**WORK INSTRUCTIONS**. What you return must be the lines from the first one below through the one containing "E come da antichissima", exactly and with pictures excluded.

**Entries taken from a collection**.
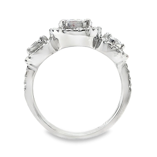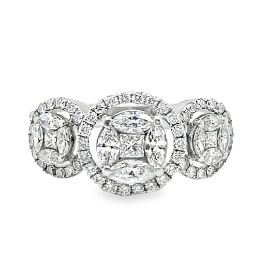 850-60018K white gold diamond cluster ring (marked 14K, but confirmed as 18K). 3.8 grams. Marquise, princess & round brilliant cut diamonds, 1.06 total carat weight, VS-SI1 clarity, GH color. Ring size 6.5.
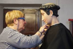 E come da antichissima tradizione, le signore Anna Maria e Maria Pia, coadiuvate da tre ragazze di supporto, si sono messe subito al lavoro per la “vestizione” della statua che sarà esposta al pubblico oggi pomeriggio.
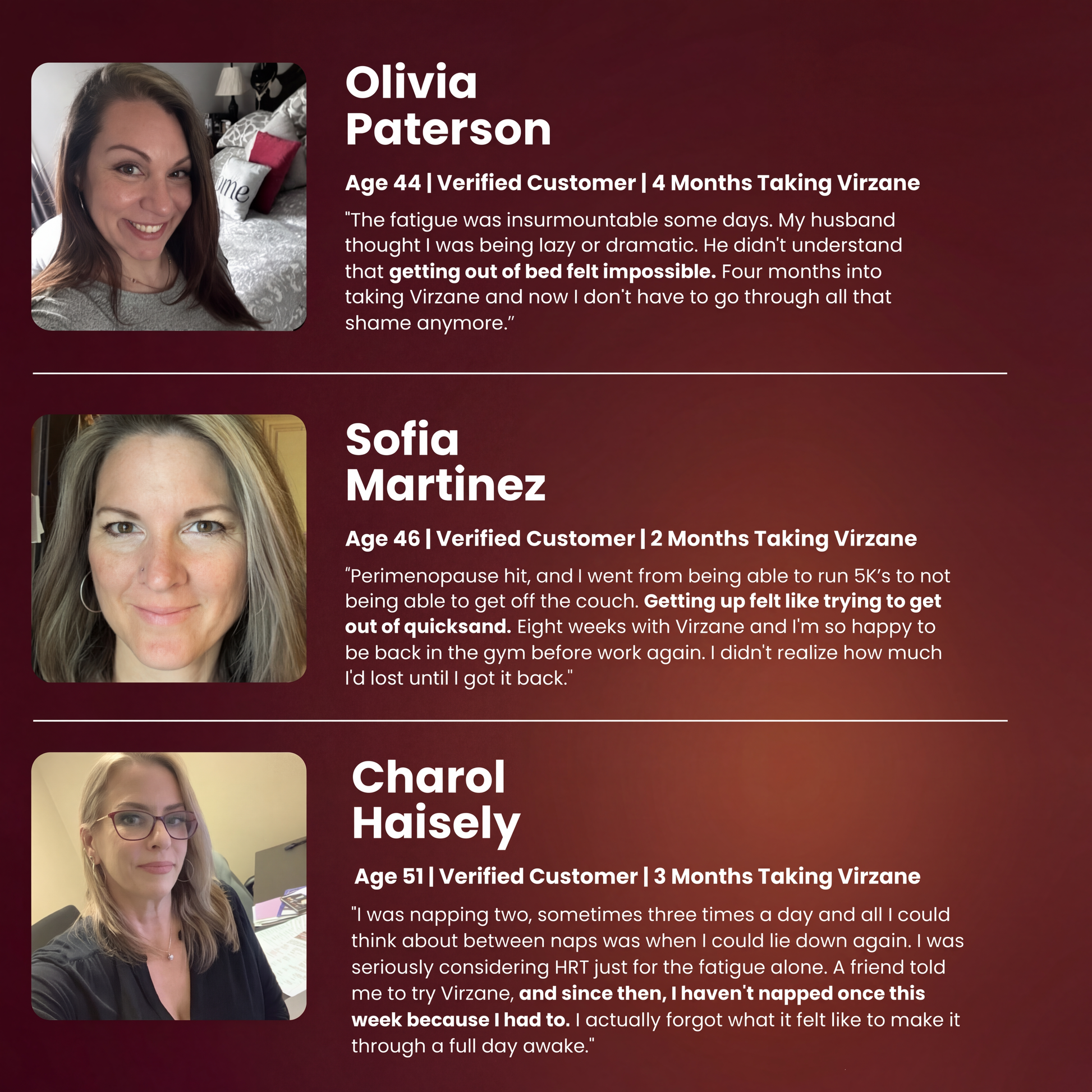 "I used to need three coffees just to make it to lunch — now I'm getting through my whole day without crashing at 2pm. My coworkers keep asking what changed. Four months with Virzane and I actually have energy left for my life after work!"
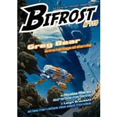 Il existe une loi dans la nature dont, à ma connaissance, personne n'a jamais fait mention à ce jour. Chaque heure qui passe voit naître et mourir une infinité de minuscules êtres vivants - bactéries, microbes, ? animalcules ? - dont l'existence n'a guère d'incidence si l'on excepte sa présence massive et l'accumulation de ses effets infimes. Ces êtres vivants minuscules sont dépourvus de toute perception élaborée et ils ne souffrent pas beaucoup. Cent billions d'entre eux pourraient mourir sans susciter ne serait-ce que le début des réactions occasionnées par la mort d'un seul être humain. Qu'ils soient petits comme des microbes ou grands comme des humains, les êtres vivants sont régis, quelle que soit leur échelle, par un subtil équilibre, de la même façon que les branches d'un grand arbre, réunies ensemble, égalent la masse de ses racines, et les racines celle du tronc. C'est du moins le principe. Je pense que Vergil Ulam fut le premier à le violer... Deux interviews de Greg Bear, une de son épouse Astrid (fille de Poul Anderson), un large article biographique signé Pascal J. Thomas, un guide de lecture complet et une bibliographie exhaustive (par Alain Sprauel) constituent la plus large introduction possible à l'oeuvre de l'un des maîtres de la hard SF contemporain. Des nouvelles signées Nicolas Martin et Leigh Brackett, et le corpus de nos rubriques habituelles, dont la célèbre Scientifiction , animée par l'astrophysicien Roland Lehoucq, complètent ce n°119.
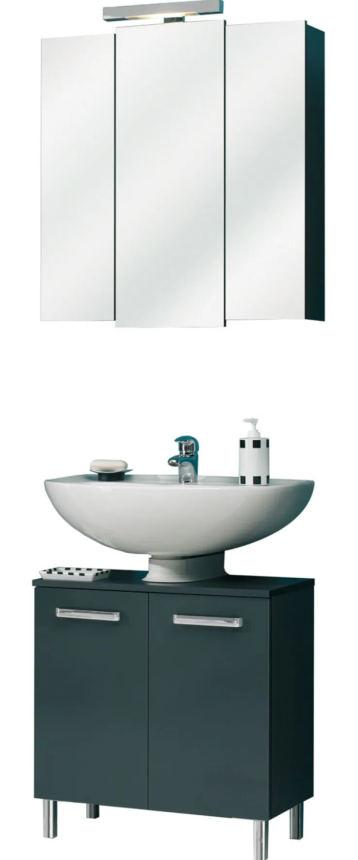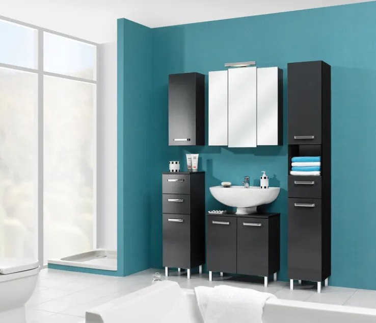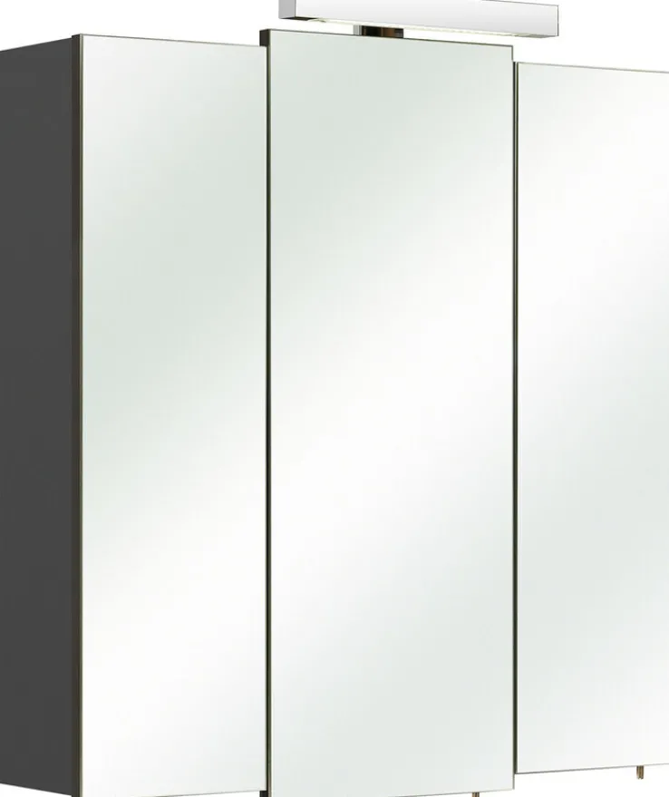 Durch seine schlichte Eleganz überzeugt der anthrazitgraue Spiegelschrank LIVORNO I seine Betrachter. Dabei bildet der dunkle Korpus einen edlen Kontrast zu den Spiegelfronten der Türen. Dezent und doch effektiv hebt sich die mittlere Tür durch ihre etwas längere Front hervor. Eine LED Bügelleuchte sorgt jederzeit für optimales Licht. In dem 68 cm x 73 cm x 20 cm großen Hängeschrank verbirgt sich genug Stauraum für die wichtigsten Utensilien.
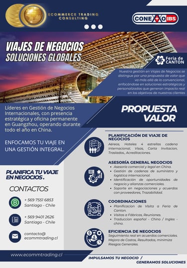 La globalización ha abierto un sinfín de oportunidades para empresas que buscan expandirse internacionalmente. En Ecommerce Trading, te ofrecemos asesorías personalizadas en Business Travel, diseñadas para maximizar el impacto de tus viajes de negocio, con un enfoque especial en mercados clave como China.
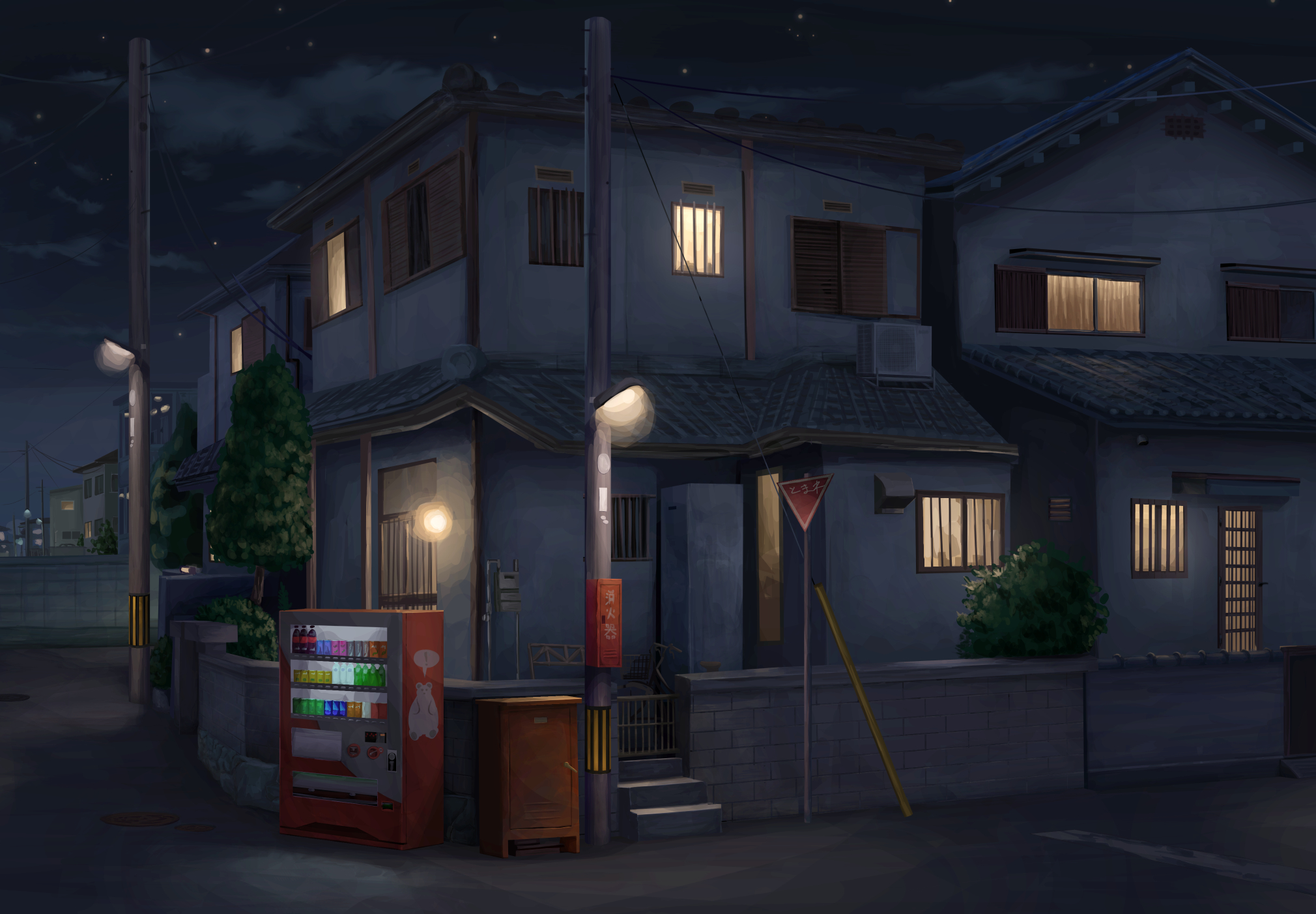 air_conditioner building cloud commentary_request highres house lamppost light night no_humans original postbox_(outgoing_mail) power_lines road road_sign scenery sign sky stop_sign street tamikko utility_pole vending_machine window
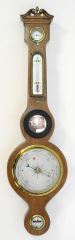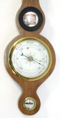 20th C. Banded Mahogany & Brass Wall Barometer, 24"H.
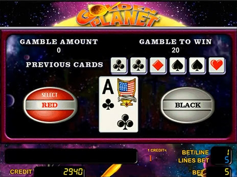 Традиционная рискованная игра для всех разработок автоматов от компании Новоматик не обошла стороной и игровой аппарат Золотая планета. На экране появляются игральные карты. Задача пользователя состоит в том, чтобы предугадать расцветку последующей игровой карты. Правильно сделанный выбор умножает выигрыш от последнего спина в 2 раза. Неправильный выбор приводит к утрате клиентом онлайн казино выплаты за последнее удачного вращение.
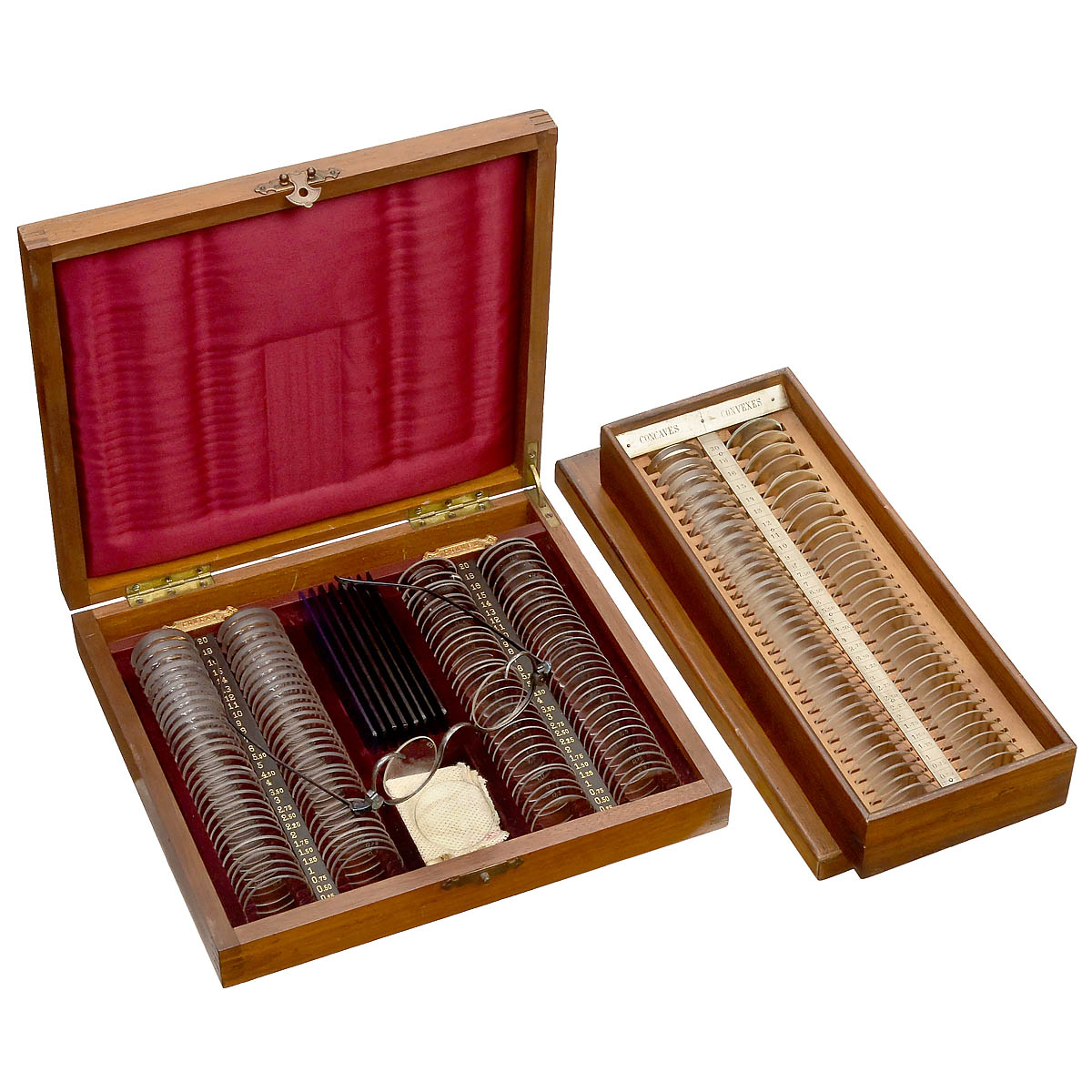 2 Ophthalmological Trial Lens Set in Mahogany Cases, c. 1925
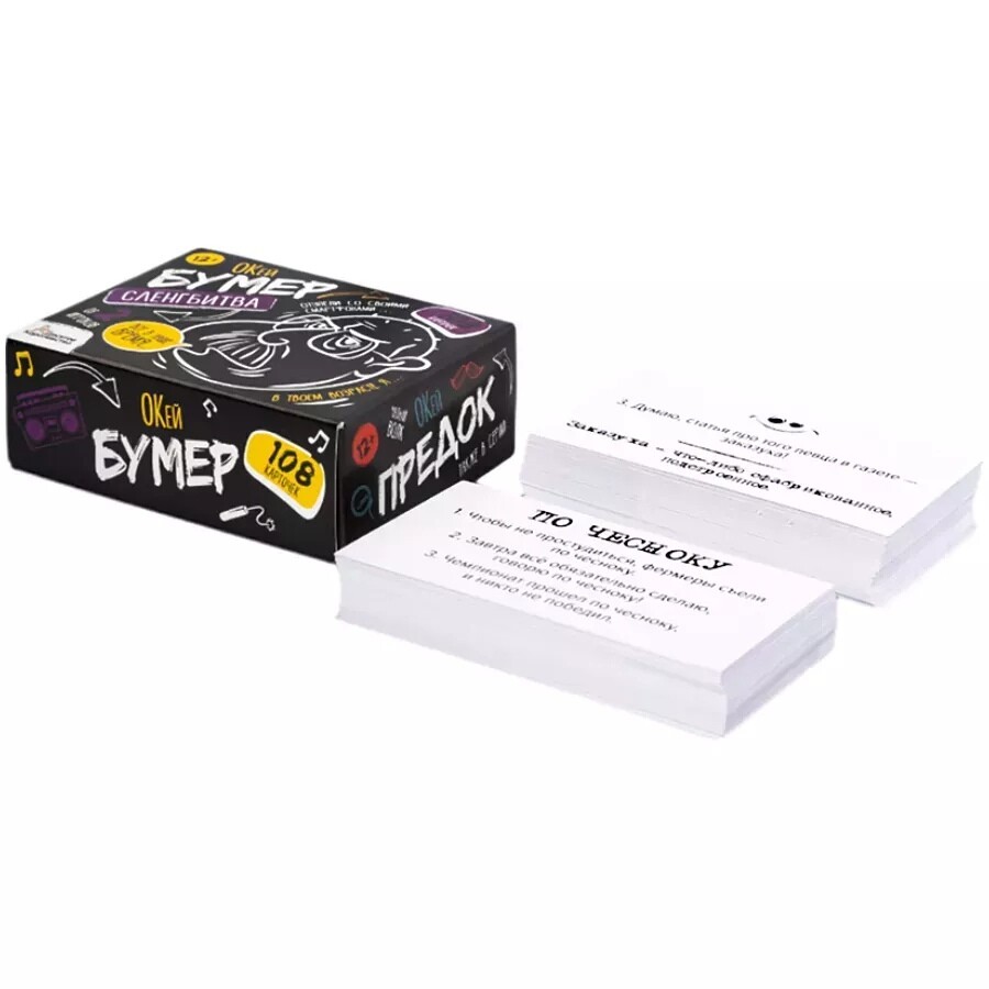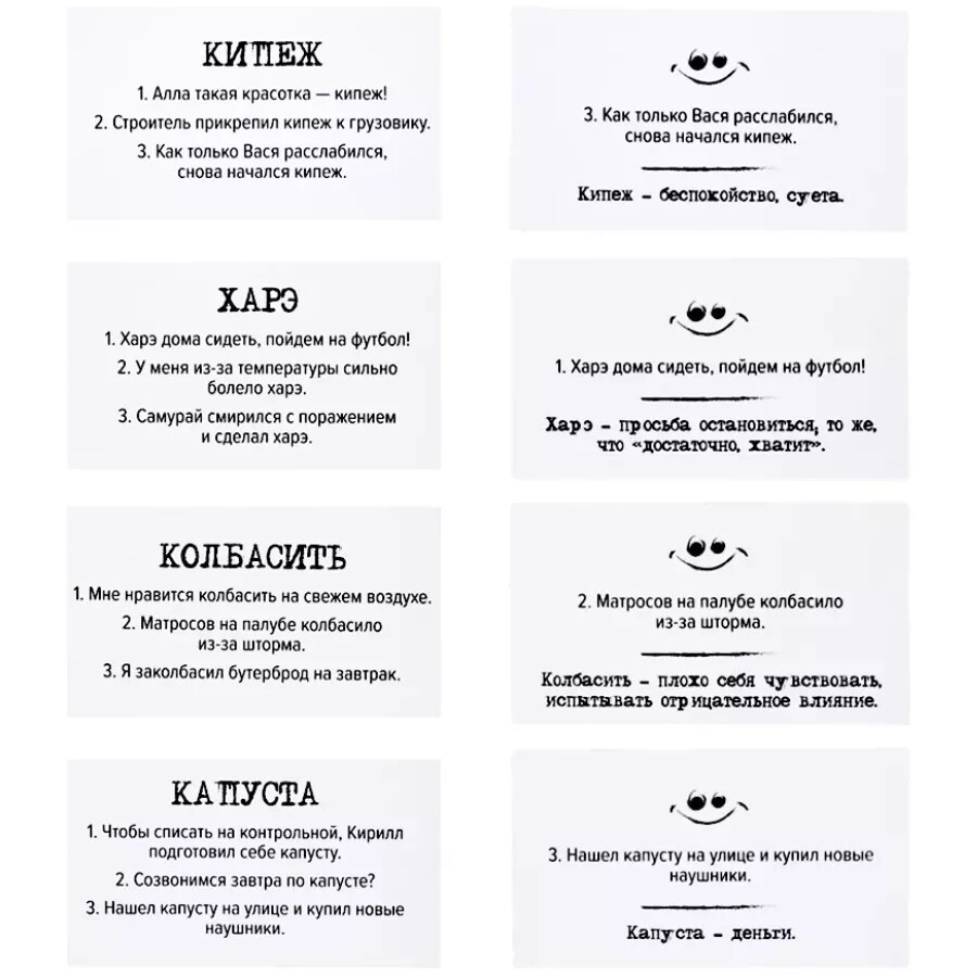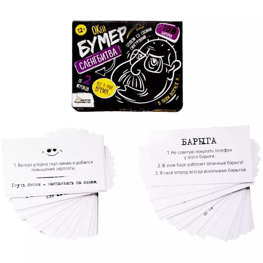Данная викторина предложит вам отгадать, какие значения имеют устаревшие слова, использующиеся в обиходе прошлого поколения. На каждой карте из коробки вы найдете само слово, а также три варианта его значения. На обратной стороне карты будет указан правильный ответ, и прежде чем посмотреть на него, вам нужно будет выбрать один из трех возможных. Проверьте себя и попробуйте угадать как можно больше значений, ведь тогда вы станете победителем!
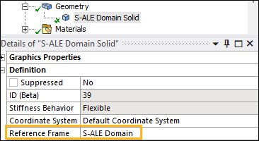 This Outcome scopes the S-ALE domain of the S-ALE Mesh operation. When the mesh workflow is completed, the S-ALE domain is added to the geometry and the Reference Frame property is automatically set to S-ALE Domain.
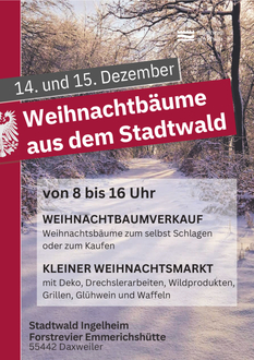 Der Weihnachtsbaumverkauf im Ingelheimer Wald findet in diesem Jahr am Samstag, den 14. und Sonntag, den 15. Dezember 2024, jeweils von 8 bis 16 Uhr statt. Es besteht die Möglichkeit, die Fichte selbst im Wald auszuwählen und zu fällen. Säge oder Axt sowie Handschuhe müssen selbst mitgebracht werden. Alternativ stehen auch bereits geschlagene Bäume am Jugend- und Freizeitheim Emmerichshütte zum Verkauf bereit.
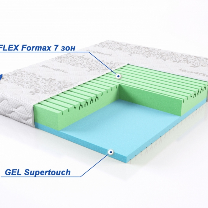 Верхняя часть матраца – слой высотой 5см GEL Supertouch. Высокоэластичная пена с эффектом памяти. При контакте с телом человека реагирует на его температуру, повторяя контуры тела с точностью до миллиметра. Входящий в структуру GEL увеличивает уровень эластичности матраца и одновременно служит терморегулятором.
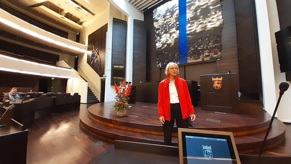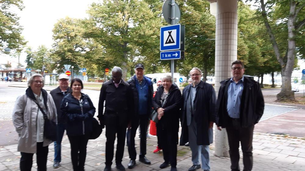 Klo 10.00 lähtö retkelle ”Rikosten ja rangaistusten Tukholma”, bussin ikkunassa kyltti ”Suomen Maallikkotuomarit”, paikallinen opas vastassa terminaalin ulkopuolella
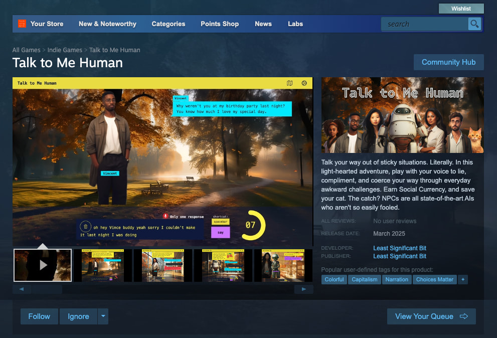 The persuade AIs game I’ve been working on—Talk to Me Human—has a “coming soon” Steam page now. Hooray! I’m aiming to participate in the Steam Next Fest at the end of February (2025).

**EXPECTED OUTPUT**.
 850-60018K white gold diamond cluster ring (marked 14K, but confirmed as 18K). 3.8 grams. Marquise, princess & round brilliant cut diamonds, 1.06 total carat weight, VS-SI1 clarity, GH color. Ring size 6.5.
 E come da antichissima tradizione, le signore Anna Maria e Maria Pia, coadiuvate da tre ragazze di supporto, si sono messe subito al lavoro per la “vestizione” della statua che sarà esposta al pubblico oggi pomeriggio.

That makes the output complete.